From the moment I saw you for the first time, I couldn’t look away.
You were just so interesting. So mysterious. So much drama and intrigue. Plus you had an air of exclusivity that made you all the more desirable.
I knew you wouldn’t take me as I am, however. So I decided to change.
First, a new name and a Facebook profile to match. Something that seemed more mature, more experienced, more technology inept. Mickey Barnes, that would work.
Next, my new look. I scoured my photo library for the perfect profile picture to match my persona. Hmm. That one wasn’t going to work. That one was too on the nose. I landed on an old black and white image of suffragettes I accidentally saved to my desktop while working on a history presentation.
I got such a rush from setting my new birth date on my new profile: august …. 24th…… 1969!!!!!! Ooooabqhagqui. Wow. Still reeling.
Everything was perfect. Nothing was out of place. I was ready to make my move.
I slowly made my way towards you. I hit enter.
And then I was face to face with you. The Duke 2021 Parents Facebook group.
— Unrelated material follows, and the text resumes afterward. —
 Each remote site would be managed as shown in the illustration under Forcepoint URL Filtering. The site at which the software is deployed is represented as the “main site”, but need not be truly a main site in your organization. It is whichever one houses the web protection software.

In all your glory.
I decided it was time. I hit you with that “request to join.”
And just like that, I was in. I was apart of your inner circle. I made my way around, got familiar with your squad, with the cast of characters in your life. Mostly angry moms and dads confused about meal plans and underage alcohol use.
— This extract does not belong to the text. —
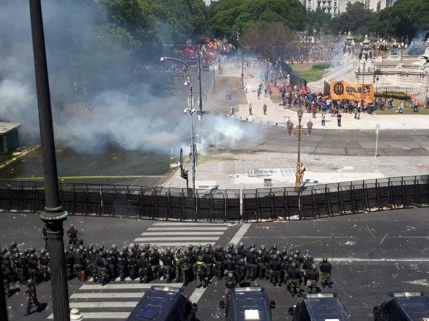 Gendarmería lanzó balas de goma, piedras y camiones hidrantes contra los manifestantes que se encontraban en las inmediaciones del Congreso donde se debatía en una sesión especial la reforma previsional.

I was starting to get used to my routine with you. I checked in with you in the morning, after I got out of class in the afternoon, and before I went to work, and then once more before I went to bed. It is safe to say I was enjoying my time with you. Our relationship was getting strong by the day.
And then, you ended things.
I don’t know when I noticed you were no longer there. I felt that things were going quiet but thought maybe it was because you weren’t being as active as usual. Perhaps it was something I –did — was I do overeager? Was it obvious that I was hanging on your every word?
I felt lost and hopeless. A flat out rejection would have been better. Because at least it was a rejection based on my simple appearance — the carefully designed profile that was my new persona. But getting rejected after you got to know me, er, got to know Mickey. I thought what we had was special.
I miss you so much already. I have nothing to look forward to anymore…..
So I guess that means I need to start from scratch.
This time, as Tim Hardbach.
Hello again, Duke University Class of 2021 Parents and Families.